Negative interactions were predicted for S.cerevisiae using protein features such as function, expression, cellular localization and homology data. Functional annotations for the yeast proteome were obtained from the Gene Ontology Database (Ashburner et al., 2000). Localization annotation was taken from MIPS (Mewes et al., 2004) and expression information was taken from the Young Lab (Holstege et al., 1998). In total there were 5058 yeast proteins, [downloaded from Güldener et al. (2005)] for which we posses all such annotation.

Negative interactions were predicted by selecting a random pair of proteins that did not share any common protein characteristics. When using expression, we selected only those pairs that had an expression correlation coefficient between 0.3 and −0.3 (see Supplementary Material). In the case of homology, we selected only those protein pairs that had no homologous interactions.

Our integrated method incorporated all the individual factors as well as homologous interaction data. Here two proteins were randomly selected and then classified as negatively interacting if they fulfilled the following: (i) They have no common functional processes, (ii) they have no overlap in cellular localization, (iii) they have a co-expression correlation between 0.3 and −0.3 and (iv) they have no homologous interactions in an experimental dataset.
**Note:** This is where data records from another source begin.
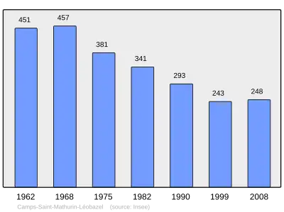 Według danych na rok 1990 gminę zamieszkiwały 293 osoby, a gęstość zaludnienia wynosiła 9 osób/km² (wśród 747 gmin Limousin Camps-Saint-Mathurin-Léobazel plasuje się na 360. miejscu pod względem liczby ludności, natomiast pod względem powierzchni na miejscu 143.).
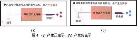 ⑵ 電暈放電是指:2個導體之間產生局部高電壓時,因空氣絕緣遭到破壞而產生的伴有藍紫色輝光的放電現象。電暈放電式除靜電器會對放電針施加高電壓,從而引起電暈放電。由于電暈放電的緣故,放電針附近的空氣發生電離,產生帶電離子。圖4(a)所示為向放電針施加帶正電的高電壓后產生正離子過程。圖4(b)所示為向放電針施加帶負電的高電壓后,產生負離子過程。
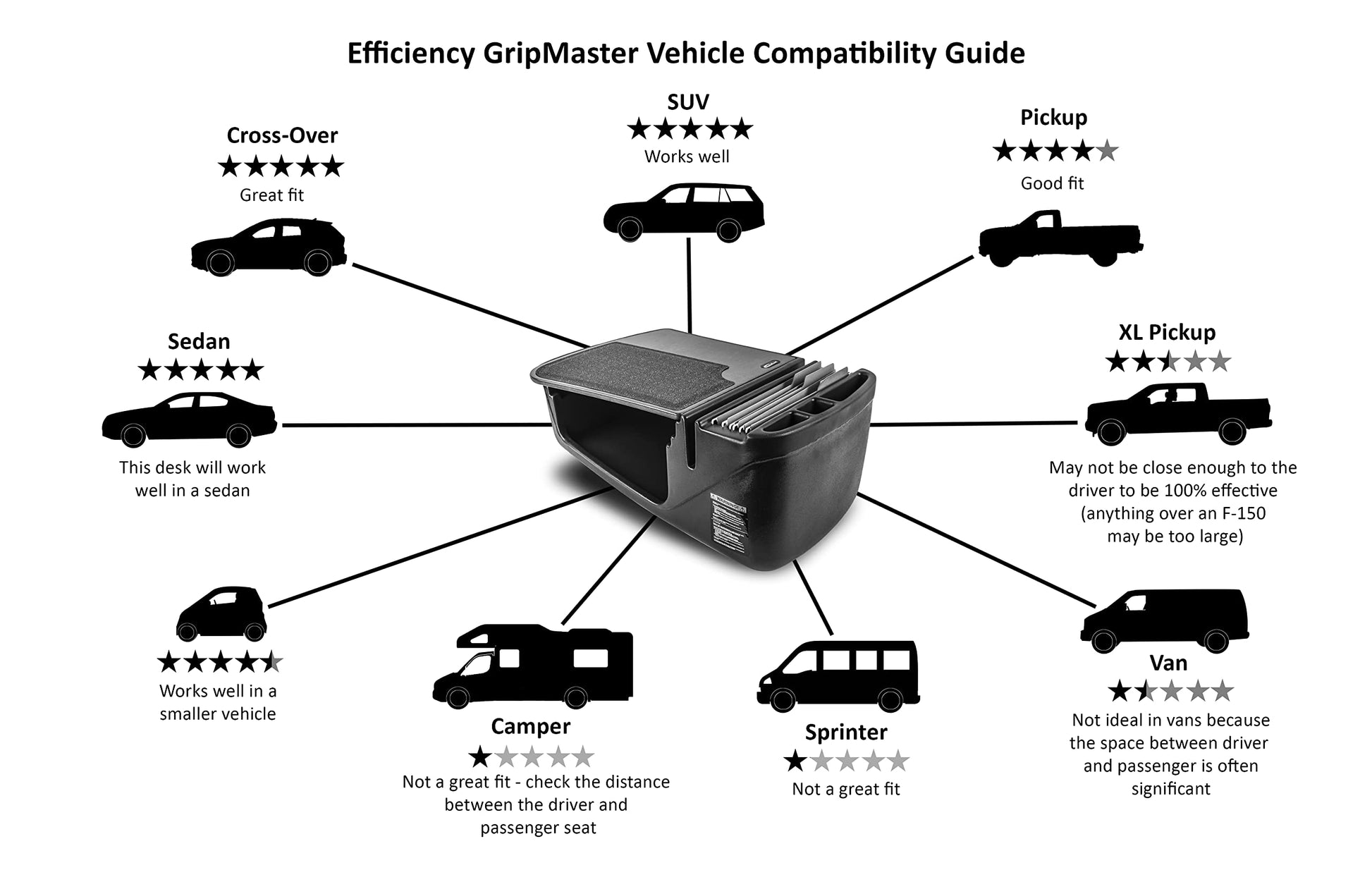["Made in the USA and designed to be used in a vehicle to support writing and working with a laptop or tablet, making it an ideal tool for the mobile office worker","Increase productivity by keeping your vehicle organized and efficient, with a large work surface and smaller storage compartments located on the back of the desk","The desk is designed to be strapped into the passenger seat and is easy to remove or install","The surface of this desk is coated with non-slip rubber to ensure that your laptop, briefcase, or phone does not slide around while the vehicle is in motion","Hidden storage compartment beneath the desktop conceals laptop, tablet, smartphone, and folio out of sight"]
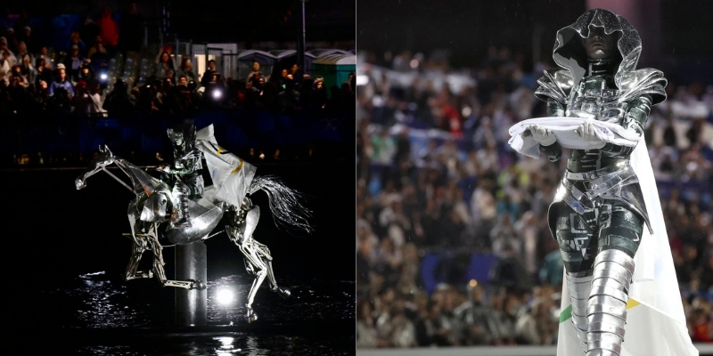 Lễ khai mạc kết thúc đầy ấn tượng với hình ảnh một nữ kỵ sĩ đội mũ trùm đầu, cưỡi một con ngựa bạc cơ khí băng qua sông Seine. Bộ áo giáp của cô được thiết kế bởi nhà thiết kế người Pháp Jeanne Friot, khép lại một màn khai mạc đáng nhớ, tôn vinh sự sáng tạo và tinh thần thể thao của nước chủ nhà Pháp.
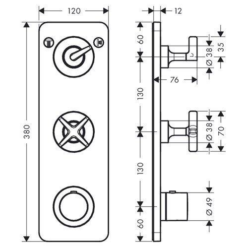 Смеситель для ванны Axor Citterio E 36703000 с термостатом хром
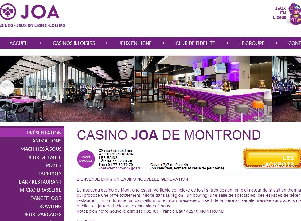 Parmi les complexes les plus célèbres, il faut citer le Joacasino La Siesta d’Antibes, le Joacasino de Montrond-les-Bains et le Joacasino d’Uriage.
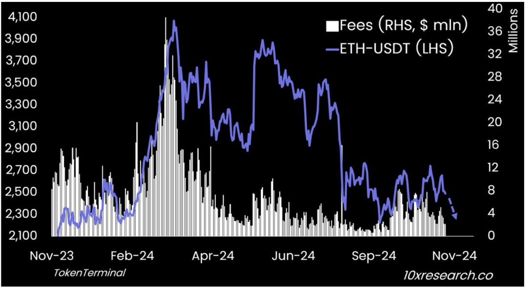 Setelah pertemuan FOMC pada bulan September, gas fee Ethereum dan aktivitas DeFi sempat meroket, memperkecil selisih imbal hasil antara obligasi tradisional dan staking ETH. Namun, seiring naiknya imbal hasil obligasi, aktivitas DeFi kembali meredup, menekan biaya Ethereum.
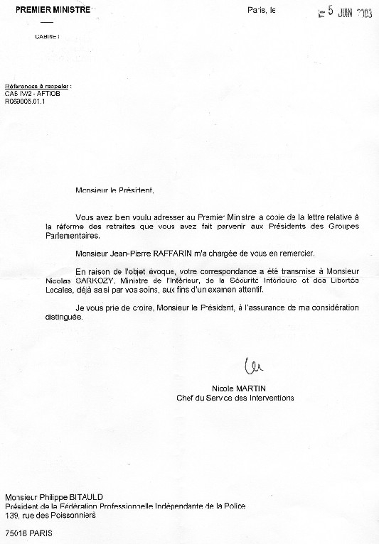 ROBIEN, ministre des Transport, 26 mai 2003. " Le régime de retraite de la RATP, comme
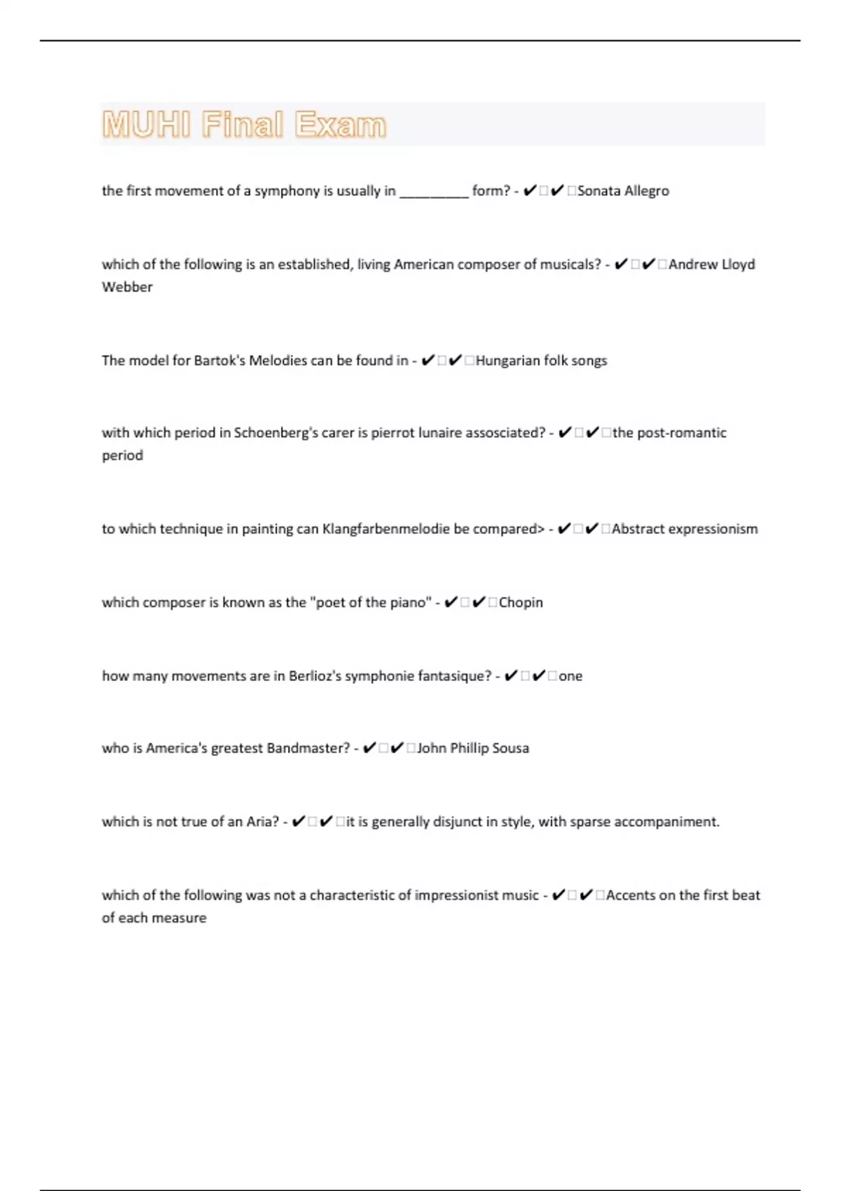 the first movement of a symphony is usually in _________ form? - ️️Sonata Allegro which of the following is an established, living American composer of musicals? - ️️Andrew Lloyd Webber The model for Bartok's Melodies can be found in - ️️Hungarian folk songs with which period in Schoenberg's carer is pierrot lunaire assosciated? - ️️the post-romantic period to which technique in painting can Klangfarbenmelodie be compared> - ️️Abstract expressionism which composer is known as the "poet of the piano" - ️️Chopin how many movements are in Berlioz's symphonie fantasique? - ️️one who is America's greatest Bandmaster? - ️️John Phillip Sousa which is not true of an Aria? - ️️it is generally disjunct in style, with sparse accompaniment. which of the following was not a characteristic of impressionist music - ️️Accents on the first beat of each measure

To analyse the influence of each protein feature on negative interactions we generated 100 subsets of interactions for every individual protein characteristic and our integrated method. The accuracy of each method was garnered by measuring the average overlap between DIP_ORIGINAL and 100 subsets of each GSN set. Each negative interaction subset contained 17 474 interactions, similar in size to our reference set (DIP_ORIGINAL).

3 RESULTS

3.1 True positive interaction verification

Gold standard positive interaction sets are created by taking protein interactions from multiple species and returning a subset of interactions that have been verified based on the existence of a homologous interaction. Table 1 details the number of proteins and interactions for each species before and after verification. The H.sapiens and M.musculus datasets contain interactions primarily from small scale experiments. These are widely considered to be more accurate than high-throughput methods and perhaps as a result we observe that less interactions are lost during the verification process. All the remaining datasets with the exception of H.pylori maintain around 20–30% of their original interactions.

Table 1.

Attrition rates

Dataset Number of proteins Number of interactions 
 Original HPIV (%) Original HPIV (%) 
D.melanogastor 7451 2437 (0.33) 22 819 4628 (0.20) 
S.cerevisiae 4959 2092 (0.42) 17 511 4894 (0.28) 
E.coli 1840 728 (0.40) 6966 1729 (0.25) 
C.elegans 2638 745 (0.28) 4030 911 (0.23) 
H.pylori 710 151 (0.21) 1420 169 (0.12) 
H.sapiens 1085 761 (0.70) 1397 977 (0.70) 
M.musculus 335 278 (0.83) 290 232 (0.80) 
Dataset Number of proteins Number of interactions 
 Original HPIV (%) Original HPIV (%) 
D.melanogastor 7451 2437 (0.33) 22 819 4628 (0.20) 
S.cerevisiae 4959 2092 (0.42) 17 511 4894 (0.28) 
E.coli 1840 728 (0.40) 6966 1729 (0.25) 
C.elegans 2638 745 (0.28) 4030 911 (0.23) 
H.pylori 710 151 (0.21) 1420 169 (0.12) 
H.sapiens 1085 761 (0.70) 1397 977 (0.70) 
M.musculus 335 278 (0.83) 290 232 (0.80) 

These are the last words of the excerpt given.